Exactly the lines from the beginning of the listing below through the line that contains "Buffalo Jasper &" should be transcribed, and pictures must stay out.

INFORMATION PROVIDED:
——

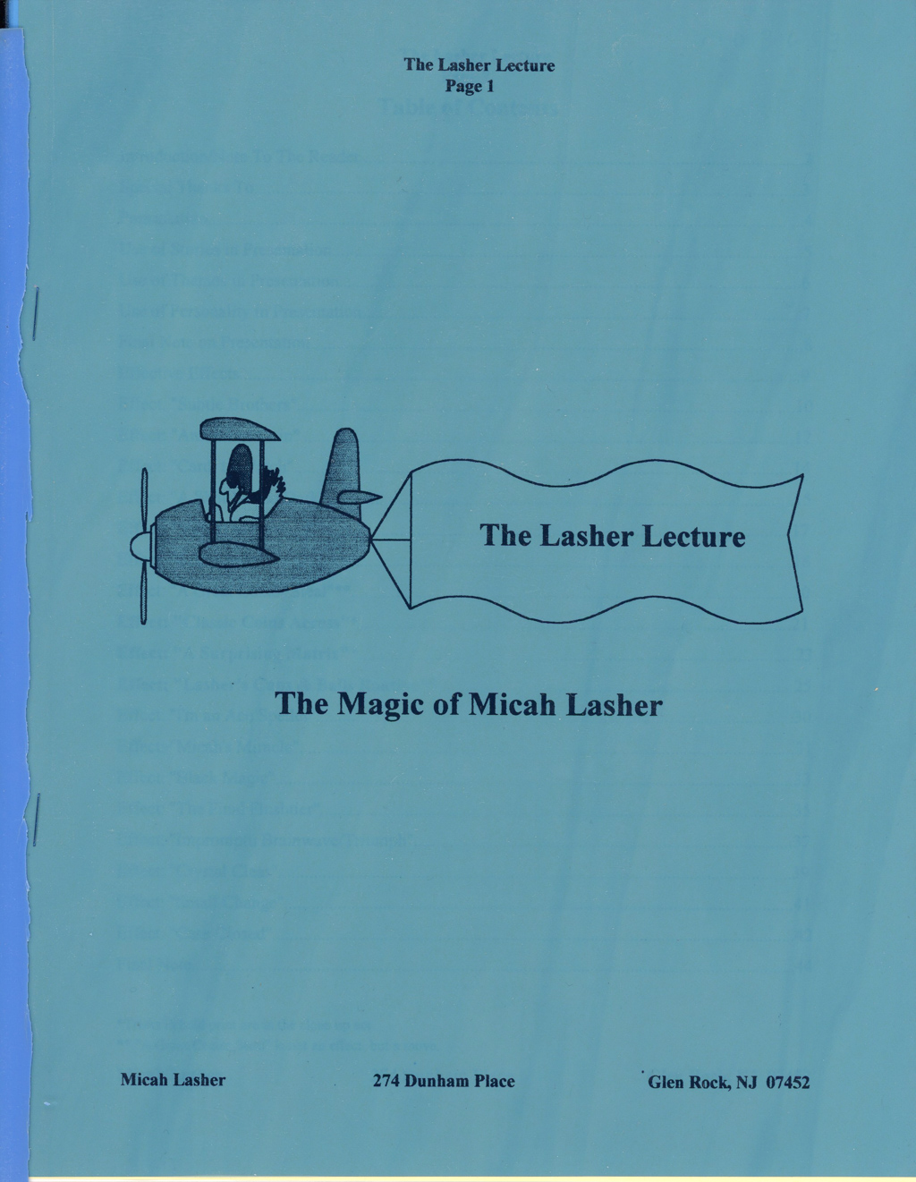 The Magic of Micah Lasher, The Lasher Lecture
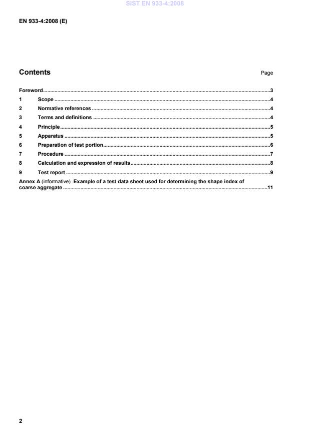 - Reporting: The test report must reference EN 933-4:2008, identify the laboratory and sample, list particle size fractions tested, and give the shape index (SI) rounded to the nearest whole number.
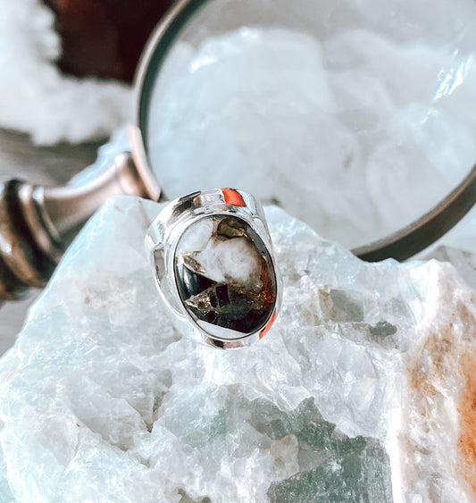 Buffalo Jasper & White Copper Turquoise Sterling Silver Ring
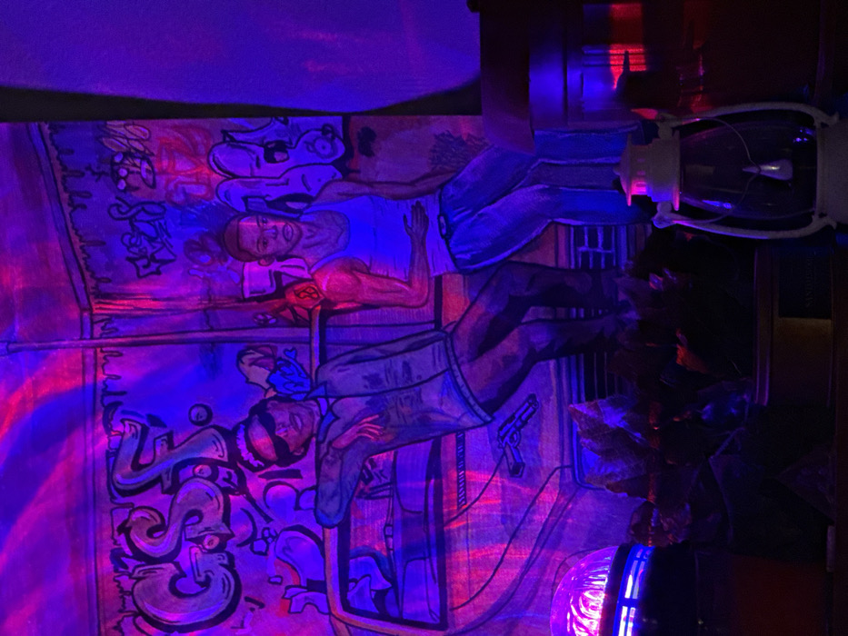 An indoor scene in Novi Pazar, Bulgaria, is illuminated by prominent purple and blue lighting, casting distinct shadows and reflections. The central feature is a large mural depicting two male figures in an urban, graffiti-laden environment. The figure on the left is seated or leaning on a car, wearing sunglasses and a collared garment, with a handgun visible on the car's surface nearby. Above this figure, the stylized graffiti "GSF" is present. The figure on the right is seated, dressed in a white tank top and blue pants. The mural's background includes brickwork textures and additional graffiti tags with dripping paint effects. In the foreground, on a surface below the mural, a purple and blue illuminated disco ball-like object is visible on the left. To the right, a white, traditional-style lantern with a glass globe and internal light source is displayed. Several dark, undefined objects, possibly decorative plants or containers, are situated between these foreground elements and the mural.

——

YOUR RESPONSE:
 The Magic of Micah Lasher, The Lasher Lecture
 - Reporting: The test report must reference EN 933-4:2008, identify the laboratory and sample, list particle size fractions tested, and give the shape index (SI) rounded to the nearest whole number.
 Buffalo Jasper & White Copper Turquoise Sterling Silver Ring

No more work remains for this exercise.